Resumo: O foro por prerrogativa de função, tradicionalmente chamado de foro privilegiado, foi instituído para proteger a independência de autoridades públicas contra perseguições políticas. No entanto, a experiência brasileira demonstrou que sua aplicação ampla produziu efeitos contrários: morosidade, prescrição e sensação de impunidade. A doutrina majoritária critica o instituto por violar os princípios da igualdade, do juiz natural e do republicanismo, enquanto a jurisprudência recente do Supremo Tribunal Federal e do Superior Tribunal de Justiça passou a restringir sua incidência apenas a crimes cometidos no exercício e em razão da função. Este artigo analisa a evolução histórica, os fundamentos constitucionais, a produção doutrinária e os impactos práticos da restrição do foro. Conclui-se que sua manutenção ampla é incompatível com o Estado Democrático de Direito, devendo ser reduzida a limites estritos, como exceção funcional destinada apenas a resguardar a imparcialidade da jurisdição.

Palavras-chave: Foro privilegiado; prerrogativa de função; igualdade; juiz natural; princípio republicano; Supremo Tribunal Federal; responsabilização.


1. INTRODUÇÃO

A questão do foro por prerrogativa de função — usualmente denominado foro privilegiado — tem ocupado posição central no debate jurídico e político brasileiro das últimas décadas. Criado sob a justificativa de resguardar a independência e a imparcialidade do julgamento de determinadas autoridades, o instituto, todavia, passou a ser objeto de severas críticas por se converter, em grande medida, em obstáculo à efetividade da jurisdição penal, contribuindo para a morosidade processual e para a percepção social de impunidade.

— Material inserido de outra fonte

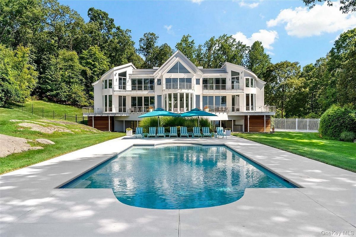 Beautifully sited high above the Hudson river, this architectural masterpiece offeers truly sweeping river views and views of the Manhattan Skyline across 14 private acres. Spanning approximately 7,900 square feet the residence seamlessly bends striking design with natural beauty, creating a one-of-a-kind retreat defined by space, light and unparralledled scenery. Designed by a celebrated Architect. Soaring 12' ceilings, floor to ceiling glass walls which bring the outdoors in. Extensive decking and terraces. Incredible flow from the entry to the living room, dining room, chefs kitchen, family room, library & library. 5 ensuite bedrooms on the second level including the primary suite with 28 foot ceiling height - 2 full baths and oversized walk in closets. The garden level has walk out access to the covered terrace and pool. The space features an oversized gym, media room, recreation room, 2 changing cabanas and an entertainment kitchen. This home will capture your heart from the moment you entry through the gated enty and drive through the magnificent landscape. Minutes to Metro North and Hghways. This is truly a work of art that you must experience.
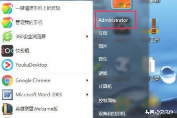 2、找到这个文件夹的位置。点击“开始”然后打开“Administrator "(个人文件夹)里,如图所示。
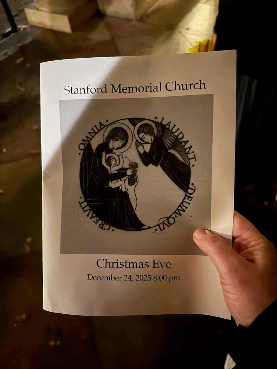 This year, something similar pulled me back. Last summer, we stepped inside Stanford Memorial Church and were stunned by its scale and beauty: the size, the beautiful facade, the luxurious interior, and most of all, the real mosaic ceiling. So when we learned there would be a Christmas Eve Candlelight Service there, it felt like the right moment to return.
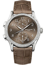 35 mm 18K white gold case set with 112 diamonds (~ 0.59 ct), sapphire-crystal back, brown sunburst dial with gold applied numerals, caliber 215 PS FUS 24H manually wound movement with Calatrava Travel Time (dual time zone mechanism indicating local and home time, indication of 24-hour home time and seconds subdial), approximately 44 hours of power reserve, shiny taupe alligator strap with square scales. Water resistant to 30 m.
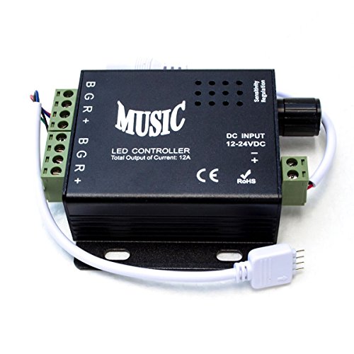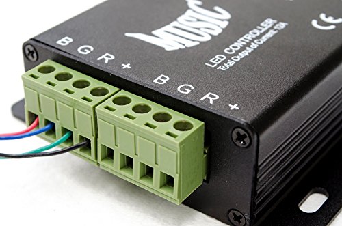 Our Two Channel Sound Activated Music Controller is the ideal controller for musicians, DJs or anyone who likes to throw parties. Your flexible RGB LED Light strips will jump, flash and strobe with the beat, and can be controlled easily by key press with the included remote. It is our most popular RGB controller in bars, clubs and home theater systems. The Sound Activated Music Controller sets up easily with a power supply (not included) along with your choice of multi color strip lights. It includes two separate LED lighting pwm outputs, a remote control, and a sensitivity knob so you can adjust to perfection which beats it picks up with its internal microphone sensor / detector. Great for home or business - throw a dance party or light up a dj or musician stage.
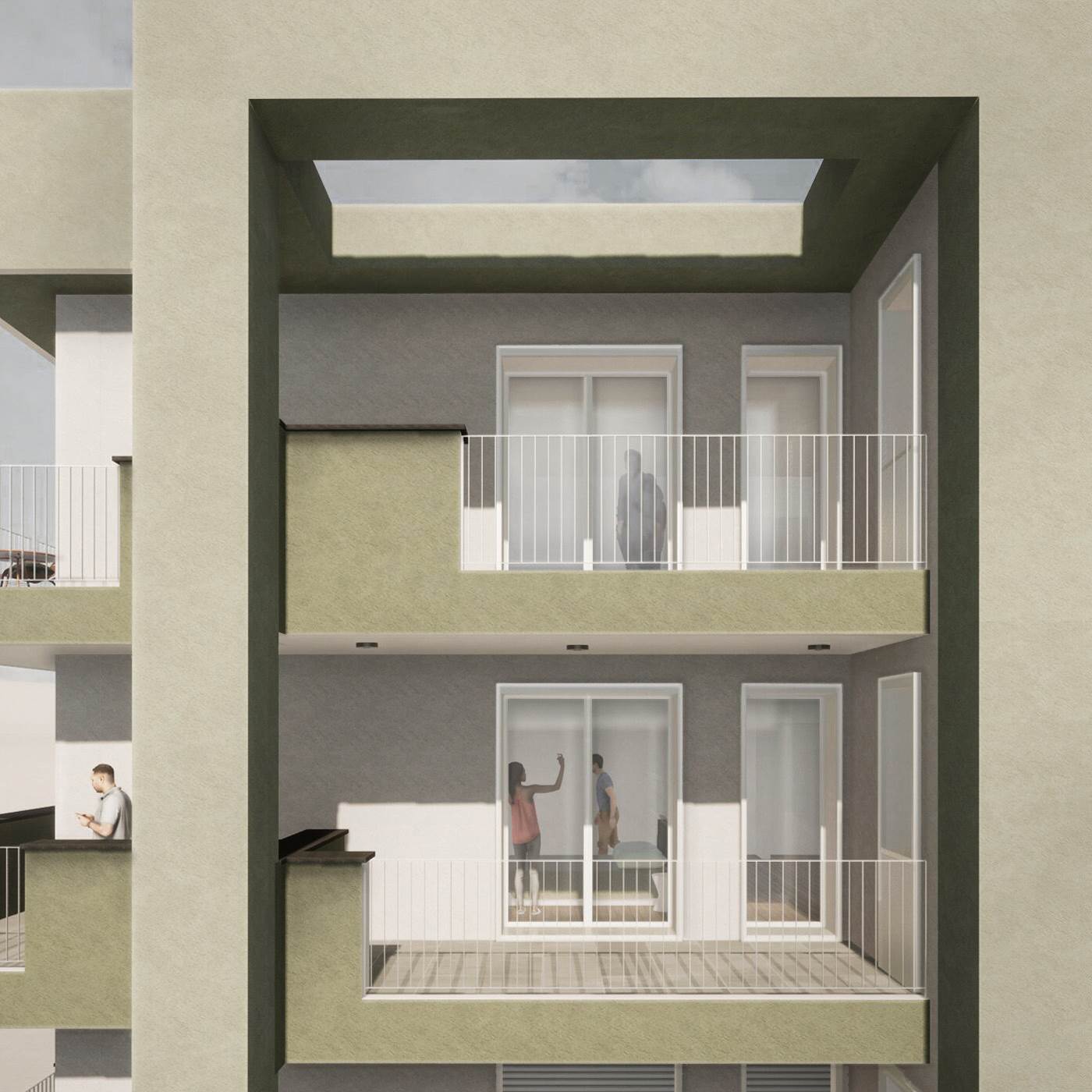 Il soggiorno ha una porta finestra per accedere ad un piccolo terrazzino ottimo per godersi un aperitivo o una cenetta di coppia; mentre la camera matrimoniale ha una porta finestra su un terrazzo coperto di mq 8.

A Constituição de 1988, embora tenha limitado o rol de autoridades beneficiadas com a prerrogativa de foro, manteve no ordenamento a previsão de julgamento originário por tribunais superiores, entre outros, para deputados federais, senadores e ministros de Estado. Ocorre que, em razão da crescente judicialização da política e do elevado número de autoridades com prerrogativa, o Supremo Tribunal Federal e o Superior Tribunal de Justiça passaram a se ver assoberbados por processos criminais cuja instrução complexa não se coaduna com a função precípua de cortes de cúpula, dedicada, respectivamente, à guarda da Constituição e à uniformização da interpretação da legislação federal.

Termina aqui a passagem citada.